李媚姝神情一凛,不动声色的移到窗边,只见那人左右张望着,随后窸窸窣窣的动作着,不知在掏什么东西,而后只见一只灰白的鸽子自那人怀中飞出,往东边飞去。
只见那人就要转身,若是李媚姝往窗边一藏,便能不那人察觉,但不知为什么,她丝毫没有要躲藏的意思,就这么立在窗前。
雪纷纷扬扬的下着,月清冷幽清洒落在李媚姝院中那颗早已落尽绿叶的梨树,隐约泛着银光。
而在经过那颗梨树后,千红在看到伫立在窗边,正直勾勾的盯着自己的李媚姝,顿时停住脚步,眼中的惊诧与恐慌伴着天上的月一道射出。
然在月下的城东,三四个粗汉扛着两个粗布麻袋,借着微薄的月光沿着城边一路来到城西的山林,往着一处深坡一抛,那堆积在坡底的厚雪被这两麻袋重物击得纷飞,后又缓缓落在那两个麻袋上,不久便被埋在风雪中。
翌日一早,李媚姝只是用过早饭,原本打算去找那东掌柜旧铺,商讨铺子过户的事,却被赫业竹着急带到大理寺。
依旧是那间地下的停尸间,只是多了两具尸体。
一踏进停尸间,那股熟悉的刺鼻气味扑面而来,让李媚姝不由得皱眉。
赫业竹将她引到尸体旁,语带急切与歉意说道:“李小姐见谅,这两具尸体伤处实在蹊跷,虽已找来仵作验尸,但只说是死于毒杀,我怀疑与和仲所中的毒是同一种。”
李媚姝点头,默默挽起袖子,动手掀起盖在尸身上白布,只是看了一眼,便瞳孔猛地一缩,大为吃惊。
只见眼前之人身上穿着与赫业竹无二的衣服,想来是同出于云昭王府,而在查看一番后,更让她有些后背发凉。
她又去掀开旁边的白布,脸上的惊诧更甚几分,因为眼前躺着的人,就是当初跟在东掌柜身旁的侍从。
李媚姝紧抿着唇,快速地瞥了赫业竹一眼,见他仍是一脸急切,便开始查看侍从身上的伤势。
与方才那人一样,皆是手臂上有一处伤痕,此处的血脓最甚,其余肌肤皆成青紫状,双唇一抹的黑紫色,脖颈上还有红印。
原先看过和仲的伤痕,李媚姝便疑心杀害他的人是有心想拿他做实验,但如今看了这两具尸体,心中的疑虑便定了下来。
适时,陆言卿走了进来,虽然脸上仍然挂着笑意,但眼中却是多了几分忧虑,眼下也带了薄薄一层乌青。
“陆少卿。”
“李小姐。”
李媚姝向陆言卿行礼,便打算照着先前一般向他叙述自己的发现,但却被他抬手制止
“这地下阴冷。小姐还是不要多待,先上去再说吧。”
李媚姝有些懵,毕竟先前那次对方并没有那么怜香惜玉,直至事情都说清楚了才上到地面上,不知今日他葫芦里藏了什么药。

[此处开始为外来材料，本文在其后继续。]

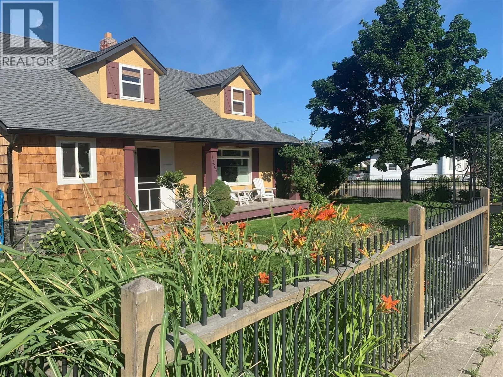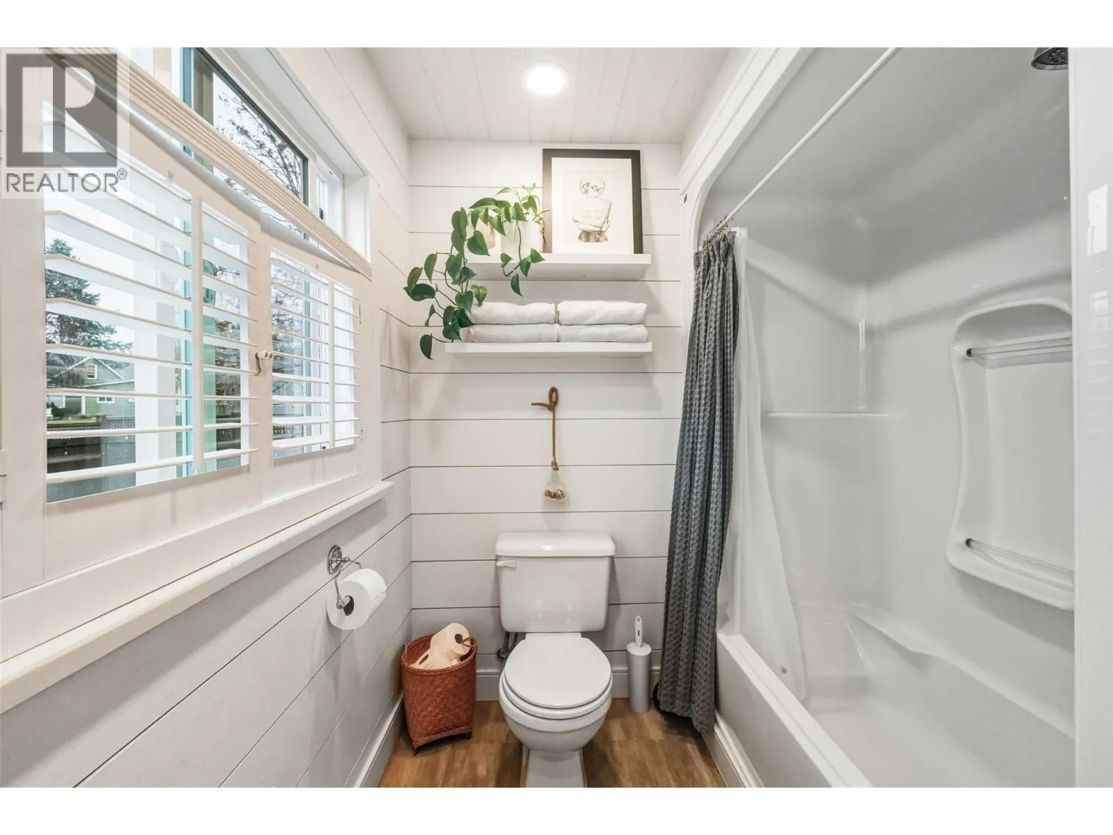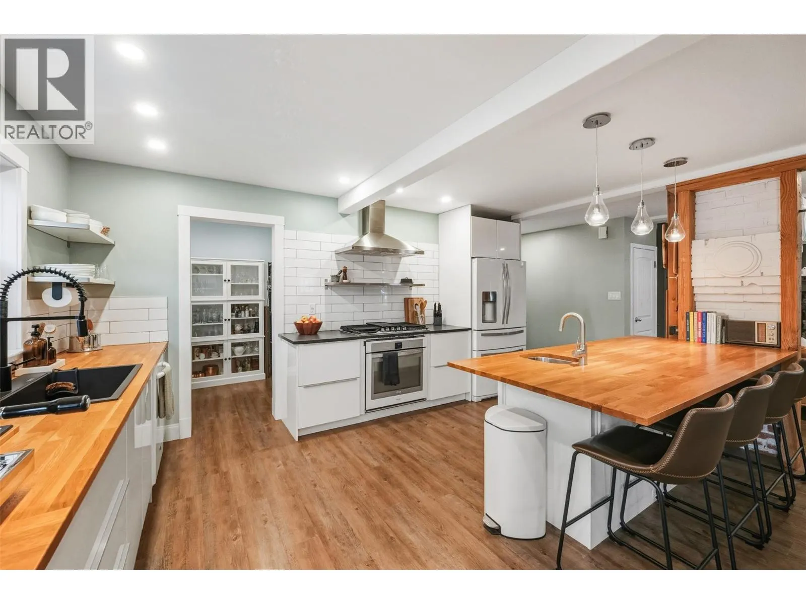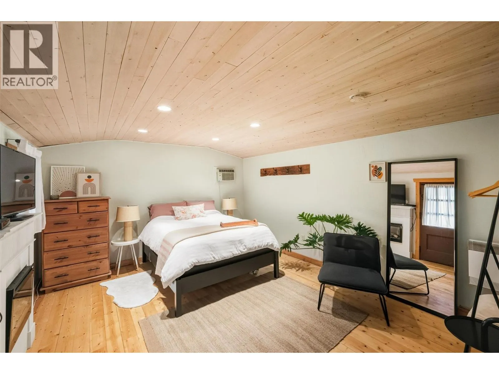 Welcome to this charming cottage chic residence paired with modern comfort, ideally located in the highly sought-after âKâ Streets neighbourhood of Penticton. Enjoy exceptional convenience with close proximity to transit, the hospital, schools, shopping, and a variety of dining options. The open-concept main level is designed for both everyday living and entertaining, showcasing coffered ceilings, living room with a striking stone gas fireplace and custom built-in shelving, and a beautifully appointed kitchen featuring a gas range, quality appliances, generous counter space, and a large centre island, the perfect gathering place for family and friends. The main floor also offers a spacious primary bedroom complete with a walk-in closet and a luxurious 5-piece ensuite, along with a full 4-piece bathroom and a convenient main-floor laundry area. Upstairs, youâll find two generous bedrooms ideal for family, guests, or a dedicated home office. Situated on a desirable corner lot, the property boasts a double detached garage and a delightful guest cabin complete with a kitchenette and a 3-piece bathroom, ideal for visitors, extended family, or potential rental income. This is a rare opportunity to own a distinctive home in one of Pentictonâs most desirable neighbourhoods, offering comfort, functionality, and outstanding lifestyle appeal. (id:27476)

但这地方的确阴冷,味道也熏人的很,若是在盛夏,要她待在此处这般验尸,她无论如何也做不到像现在这般沉稳。
但出了停尸间,陆言卿却没有带她往地上的大厅走去,而是带着她拐向了另一处。
李媚姝不解,便问道“陆少卿,你这是要带我去哪?”
陆言卿轻笑一声,转过身笑道:
“小姐见谅,是有人点名了要见你,我为人臣子,也只能照办,你说是不是?”
李媚姝见他笑得一脸人畜无害的模样,眼角顿时一抽,问道:
“不知是何人想要见我,此前听闻陆少卿办案雷厉风行,不附权贵,但也得先告诉我是什么人吧?”

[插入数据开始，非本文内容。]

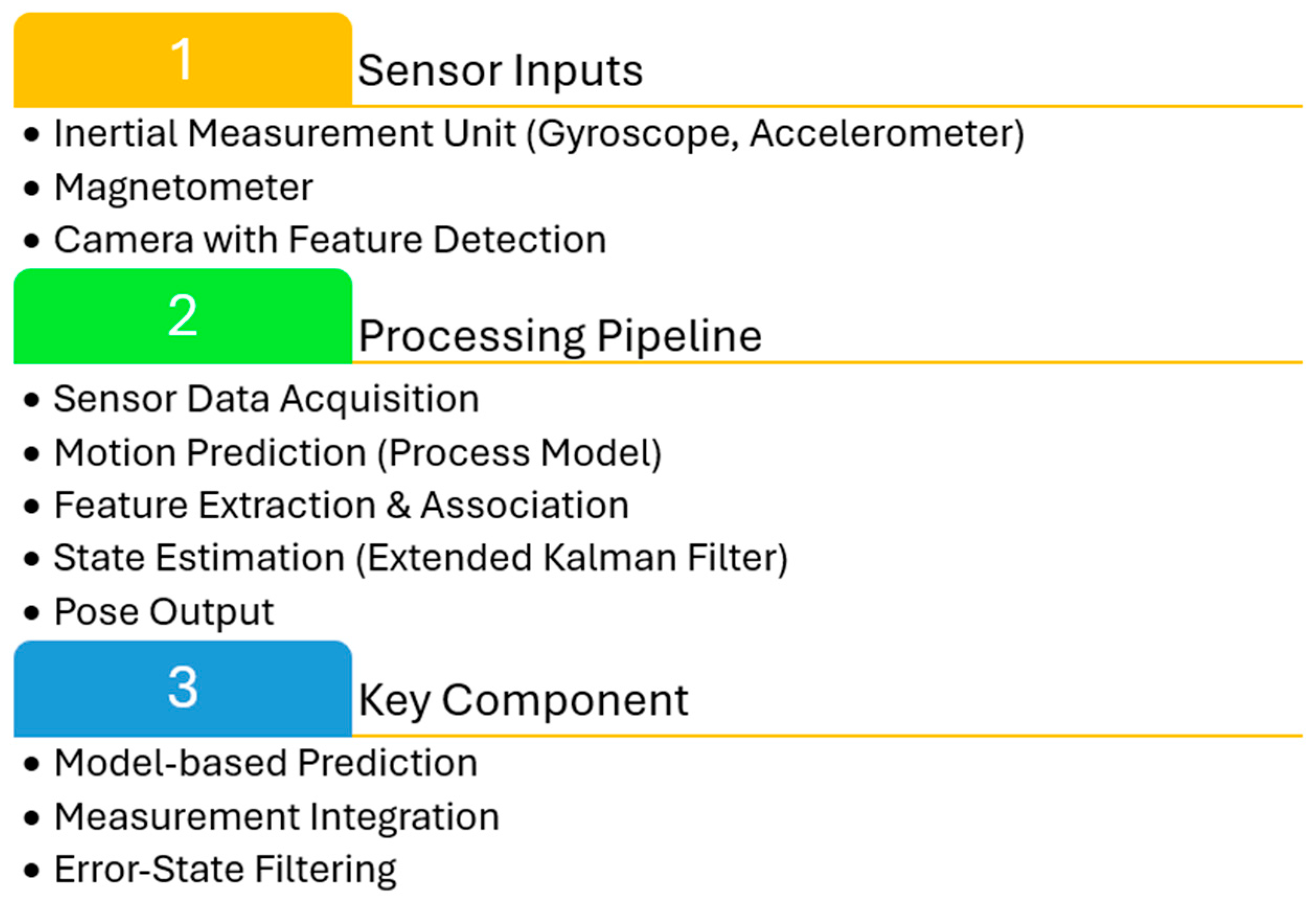 | 1. | EKF (a + g + m) | Long-term drift correction; widely used, balance of accuracy/compute | Nonlinear model; requires tuning Jacobians | ~2–4° orientation |

听有人要见自己,还是大理寺的人,加上陆言卿那副有所隐瞒的模样,不得不让她心底打鼓。
陆言卿听罢,呵的笑出了声,俯身盯着李媚姝的眼睛,问道:
“原来在小姐眼中,我是这么一个君子形象啊?”
李媚姝往后退了一步,对他此举颇有些不满。原本自己就是因为赵驰昭的关系才答应赫业竹来帮忙的,但陆言卿此举略有些唐突,便有些恼怒。

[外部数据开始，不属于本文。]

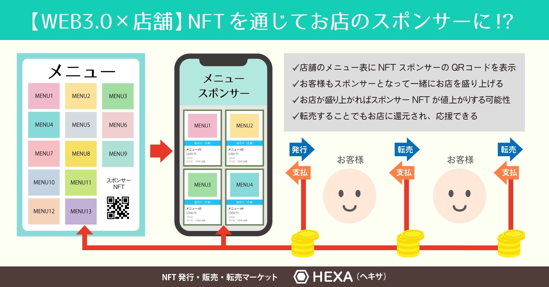 NFTマーケット「HEXA(ヘキサ)」では、埼玉で創業50年の「焼肉森林」がメニュースポンサーNFTを発行し、WEB3.0×NFT×SNSのマーケティング施策を実現します。

“陆少卿。”身后的赫业竹见此情景,虽看不见李媚姝的表情,但看着陆言卿的举止和千红脸上的表情,也知道此举大为不妥,便冷声提醒道。
“对不住啊李小姐,是我唐突了。”
李媚姝冷着脸不语,陆言卿朝着身后的赫业竹使了一个眼色,后者便带着千红出去,直到离开了他的视线,方才说道:
“是云昭王要见,此时形势对他不利,未能讲明,还请小姐见谅。”
听见是赵驰昭,李媚姝一愣。自从那一夜两人表明心意之后就再也没有见过了,而一听说他出了事,李媚姝也是能出力出力,光是比对和仲与王士隆的死状就让她夜不能寐,此时听到他要见她,心中顿时升起一丝酸楚,遂不再言语。
陆言卿见她不语,以为她没什么异议,便在头前带路,刚走出一步,就听李媚姝道:
“陆少卿,可否先等等?”
陆言卿回过头,不明所以的看着她。
“我此前来的时候带了样东西,原本打算交给赫大哥的,但既然昭哥哥想见我,那我还是亲自拿过去吧。”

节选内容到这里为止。